I still call myself a “fortune-teller” because I pursue an action-and-event-oriented focus in my work, but also because it gets the smug psycho-spiritual crowd spun up. I was one of them for many years, but I ran the self-awareness well dry long ago and finally decided that – despite push-back from the empaths, the intuitives and the psychics – the ideal way to demonstrate the effectiveness of divination is to strive for demonstrable results.
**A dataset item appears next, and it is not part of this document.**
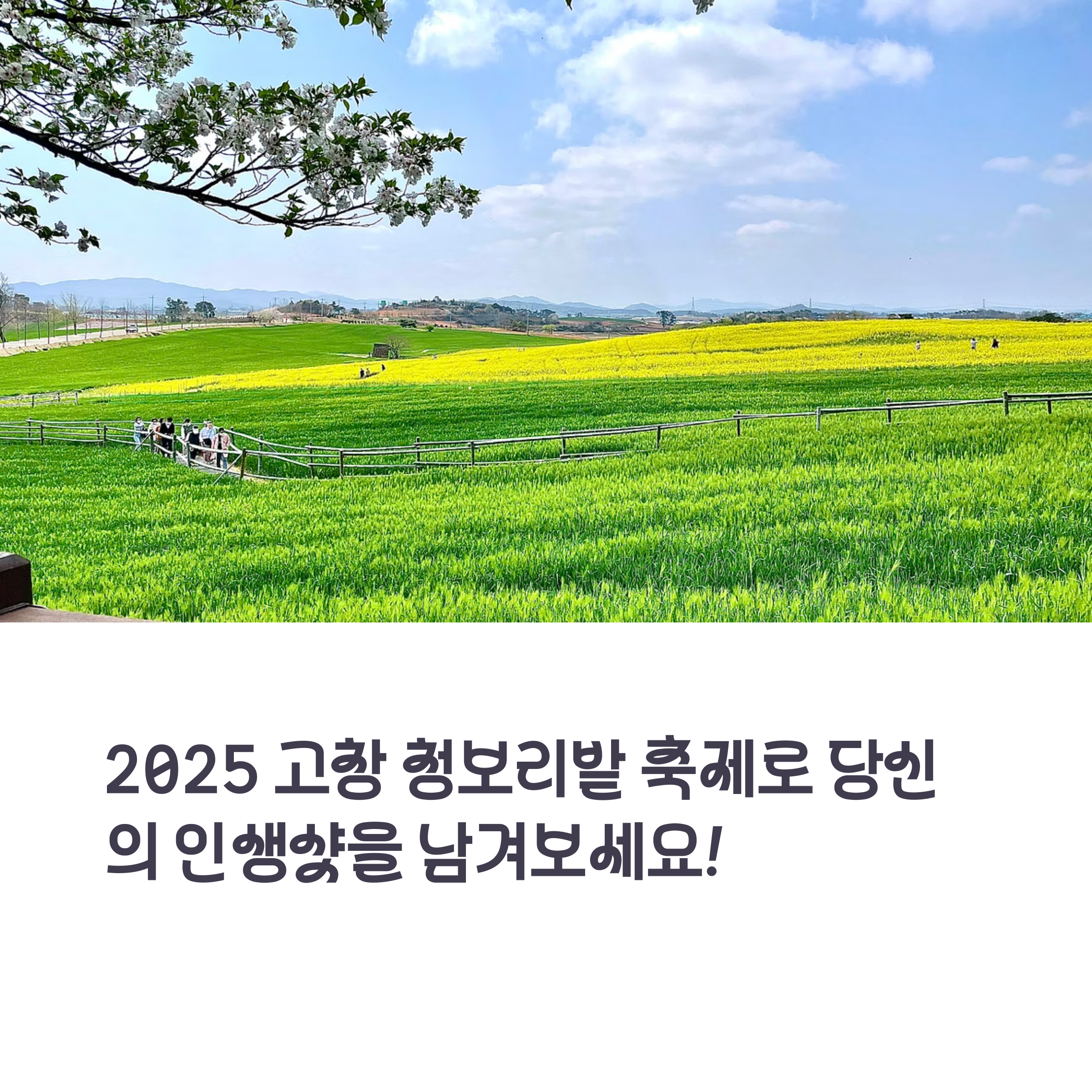 | 초록 보리밭과 유채꽃이 만드는 감성 풍경 | 촬영 각도와 빛이 좋은 셀카 명소 | 가족, 연인, 친구와 함께 방문하기 좋은 코스 |

Since that is what most seekers are after, it makes perfect sense to align them with the circumstances that will ideally cooperate in achieving it.
For the record, every attempt at prognostication embodies a subjective element that is accessed via intuitive speculation – I call it “the nature of the beast” and it’s how we as storytellers put our personal stamp on the narrative – but there is always a prominent objective aspect that any competent reader can identify in the cards and come up with a remarkably consistent answer. It’s the latter that engenders a reliable goal-oriented predictability whenever those cards show up in a spread, and it is the purview of the knowledge base that underlies practical divination.
The cards pulled may not immediately support the present objective, but coaxing them to work together toward that end is where diviners earn their fee even if it comes down to coaching our clients in “making the best of a bad situation.” Being told what might be coming is fine as far as it goes, but grasping how to gain the most benefit from it in proactive ways is a step beyond.
There is little use in stating flatly “You’re probably going to have an accident next Wednesday,” when cautioning “You might want to lay low in the middle of next week and watch your step if you go out” is much more professional as well as more defensible from a real-world standpoint. As the saying goes, while “the future is not carved in stone,” any vulnerability shown by the cards should never be dismissed out-of-hand.